A nursery at an Iranian hospital

Iran Shuts Down Clinic After Establishing ‘Anti-Abortion Watch’

Wednesday, 05/10/2023
Maryam Sinaiee

British Iranian journalist and political analyst

Iranian authorities shut down a clinic Sunday, after they said a “volunteer force” has been established to identify doctors and clinics who carry out abortions.

Public Relations of Tabriz Medical Sciences University said in a statement Monday that various organizations including the university, Basij Physicians Militia of the Revolutionary Guards’ (IRGC), the justice department of East Azarbaijan Province, and police identified and sealed the clinic. 

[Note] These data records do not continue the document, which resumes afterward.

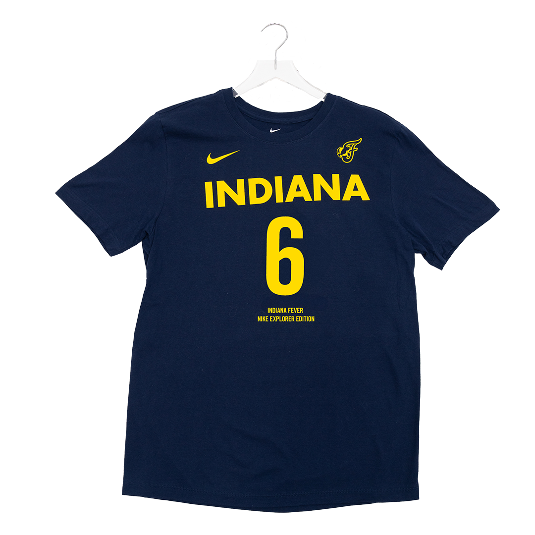 Rep your favorite player in the Indiana Fever Explorer Name & Number T-Shirt. Inspired by the jersey, it displays bold name and number graphics on a casual favorite. Inspired by Lady Victory, the Explorer theme goes navy and the details give a nod to Indiana and Fever history.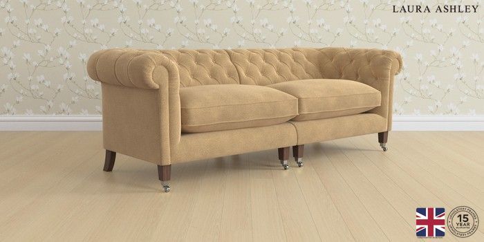 6.12.1 Buy Penarth by Laura Ashley 4 Seater Sofa Lundar Chenille Caramel Natural Straight Chrome Castor - Chestnut from the Next UK online shop Click here to use our accessible website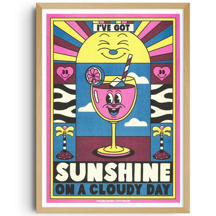 Collection KIBLIND x Yeye Weller ✨ "Pharrell Williams – Because I’m Happy" ✨ Impression en Risographie par KIBLIND Atelier Sur papier Munken Print White 150g Format A3 - 29,7 x 42 cm Affiche livrée emballée, avec support rigide cartonné Présentoir en bois offert pour toute commande de 50 affiches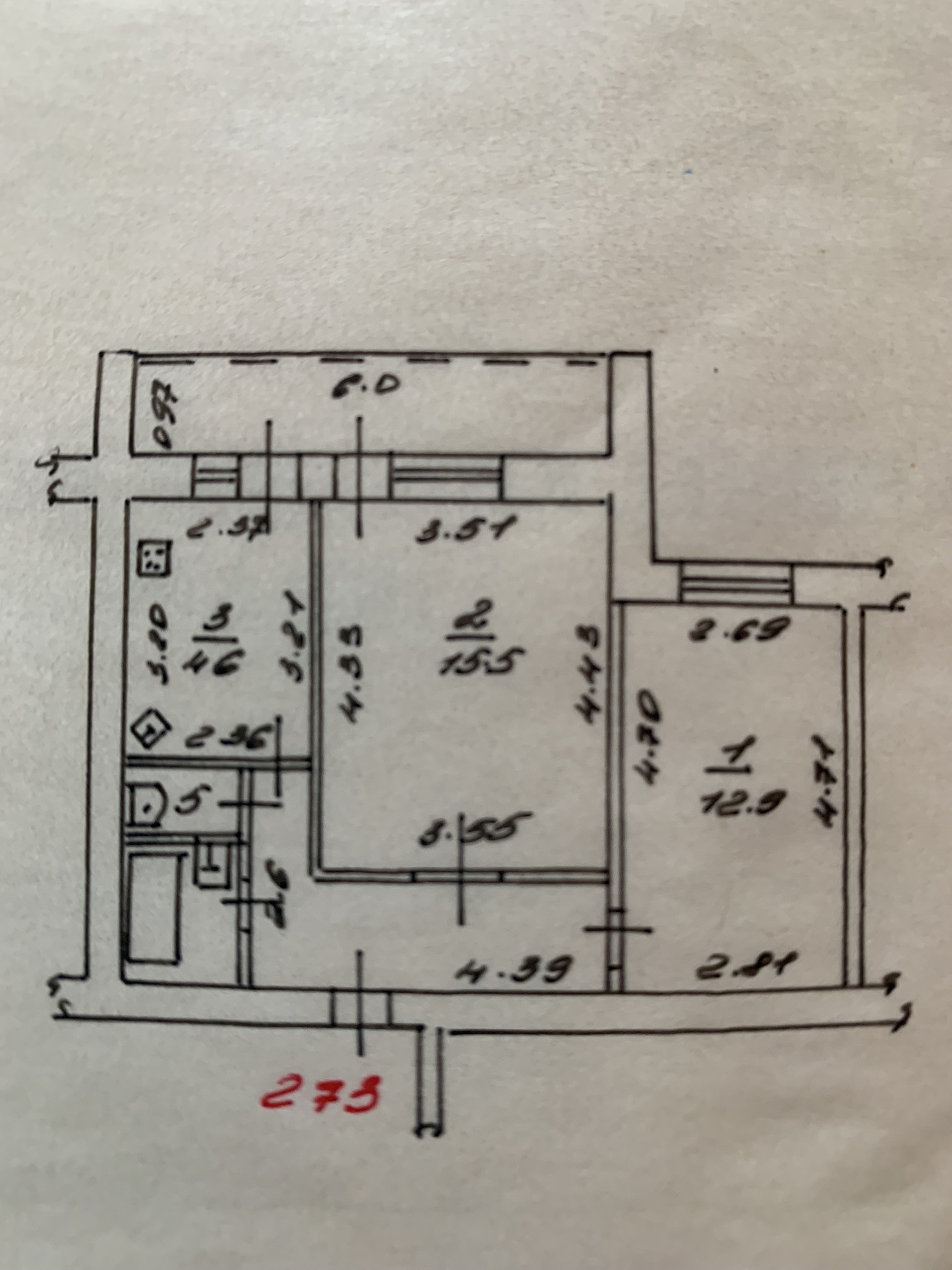 Высота потолков 2.6 м

At the same time, Saber Jabbari-Farouji, head of the health ministry’s Center for Rejuvenation of Population, that a volunteer group called Nafas (life) has been formed to help prevent abortions. Iranian media have dubbed the group as “[Anti-] Abortion Patrols”, similar to hijab enforcement units. 

Abortions have always been illegal in the Islamic Republic unless when the fetus is diagnosed with genetic disorders or carrying the fetus to term threatens the mother’s health or life. In such cases, terminations are permitted and legally carried out during the first four months of the pregnancy. 

An official of the health ministry, Soleiman Haydari, told the Iranian Students News Agency (ISNA) on April 17 that annually around 10,000 abortions were legally carried out. Without giving the number of illegal abortions, he said over 70 percent of these were done by midwives, often by prescribing pills, or at home. 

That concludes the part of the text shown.